### Data for analysis

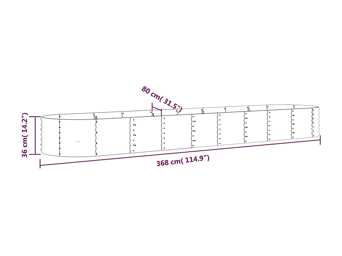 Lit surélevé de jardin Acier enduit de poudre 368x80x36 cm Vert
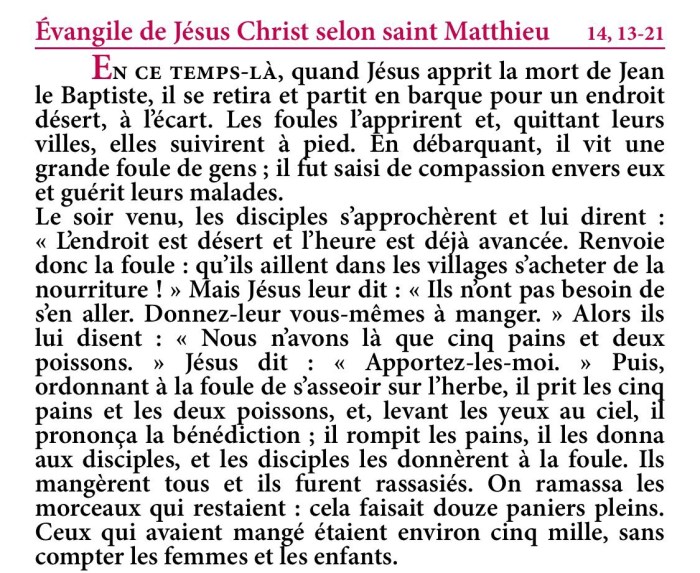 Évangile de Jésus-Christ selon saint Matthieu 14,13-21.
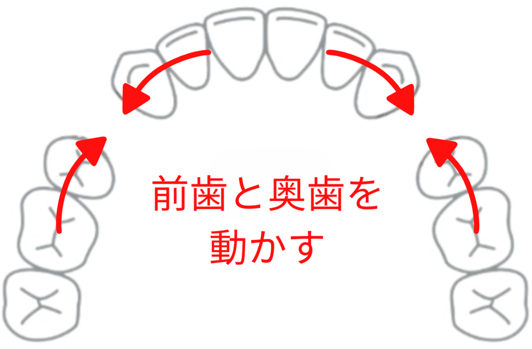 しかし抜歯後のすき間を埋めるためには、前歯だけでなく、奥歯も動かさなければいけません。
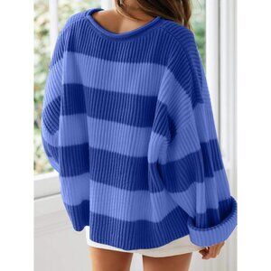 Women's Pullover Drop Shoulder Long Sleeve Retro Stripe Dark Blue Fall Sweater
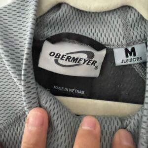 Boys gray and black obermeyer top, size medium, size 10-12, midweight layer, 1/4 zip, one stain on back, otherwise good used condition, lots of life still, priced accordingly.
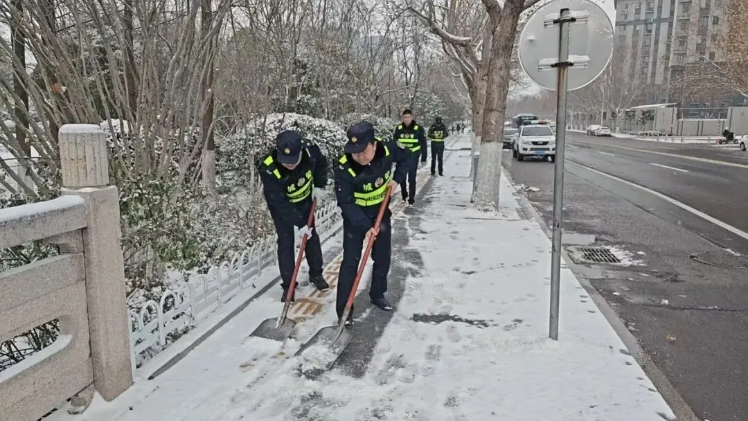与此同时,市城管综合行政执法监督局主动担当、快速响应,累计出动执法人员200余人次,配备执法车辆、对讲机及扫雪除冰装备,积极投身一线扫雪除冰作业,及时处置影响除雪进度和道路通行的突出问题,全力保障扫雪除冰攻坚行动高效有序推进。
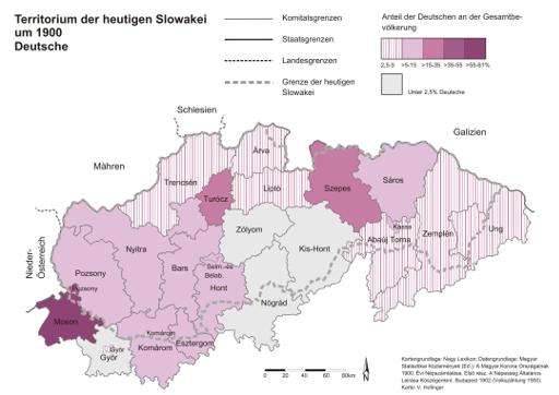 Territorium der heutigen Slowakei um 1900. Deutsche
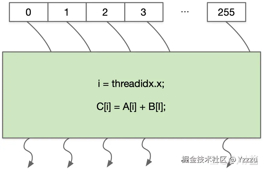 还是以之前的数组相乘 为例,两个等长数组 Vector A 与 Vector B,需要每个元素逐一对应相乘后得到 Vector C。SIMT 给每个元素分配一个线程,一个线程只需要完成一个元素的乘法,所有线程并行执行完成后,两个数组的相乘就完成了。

---

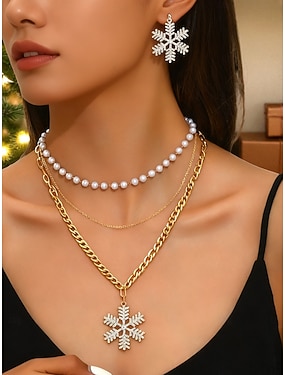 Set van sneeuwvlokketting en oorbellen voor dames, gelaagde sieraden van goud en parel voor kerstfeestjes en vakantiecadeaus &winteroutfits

### What you will do
Within the listing above, the stretch from the line with "Territorium der heutigen" down to the line with "还是以之前的数组相乘 为例,两个等长数组 Vector" is to be given again exactly, end lines included and pictures excluded.

### Response for this exercise
 Territorium der heutigen Slowakei um 1900. Deutsche
 还是以之前的数组相乘 为例,两个等长数组 Vector A 与 Vector B,需要每个元素逐一对应相乘后得到 Vector C。SIMT 给每个元素分配一个线程,一个线程只需要完成一个元素的乘法,所有线程并行执行完成后,两个数组的相乘就完成了。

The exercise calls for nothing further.